Ok im wearing a joe flacco jersey and full stick on unibrow and hardly anyone else dressed up omg
Omg suz!! take the unibrow off
No! im just getting hammered instead
just spent about 3 1/2 hours looking for a dollar so I can buy weed.
suggestion: become a stripper.
he just started chanting dark meat! dark meat! out of no where.
She handed me a mouthguard and said "here, you're going to need this" that rough.
Restaurants Roasting People Who Gave Them Negative Yelp Reviews (25 Pics)

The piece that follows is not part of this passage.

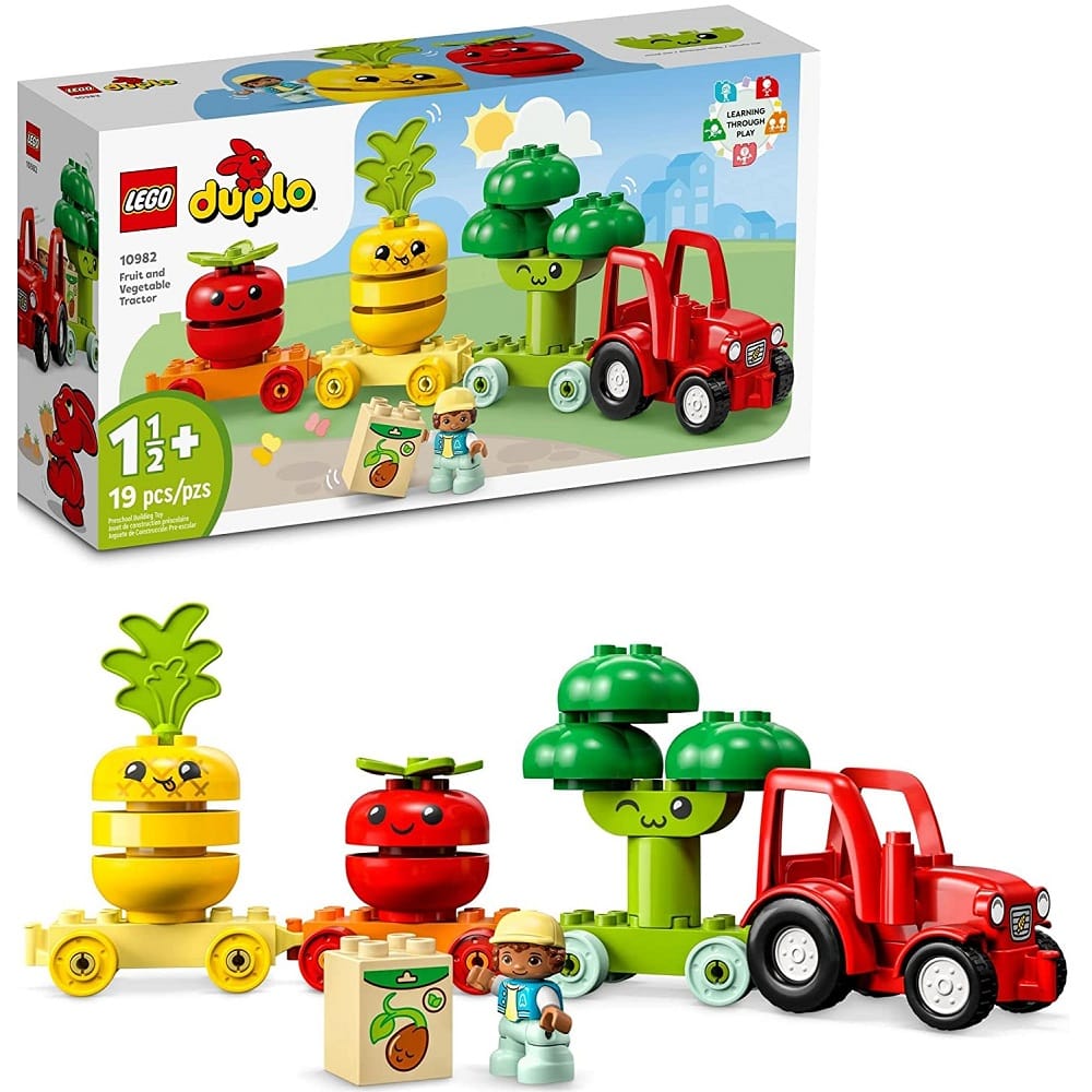 LEGO DUPLO Fruit and Vegetable Tractor toy helps toddlers ages 1.5+ develop fine motor skills as they stack the bricks to make the plants ‘grow’

I'm not saying going to the volleyball games drunk on Tuesday night was a bad idea I'm just saying we shouldn't make a routine of it.
scarred for life. way too high and witnessed some chick give a dude head on the dance floor
At this point i guess a traditional, non-life-threatening pity fuck is too much to ask for
I lost half a toenail and didn't realize it. Bloody shoe shoulda been a clue.
Human centipede...with the teletubbies. That's what my nightmare had in it.
I don't even want to know.
Woman Posts Harassing DMs From Creep Online, Now He’s Upset Because People Told His Mom
You should just skip the small talk from now on and instead say something like "You need to come slay the dragon, be here in 15?"
Sex and bbq. He sure knows how to make a girl feel special
RICK BROUGHT THE HOT BARTENDER HOME. SOMEONE CALL THE FIRE DEPARTMENT, CUZ RICKYS ON FIIIIIIIRE.
lmao nvm she punched him in the face and left
Is a coke binge Whole30 approved?
I'm definitely drunk. At the gyno. On my birthday. Life is a joooooooke
Fuck. I think I can already feel tomorrow's hangover. It's like future me cane back to warn present me about the impending doom but didn't turn the time dial back far enough.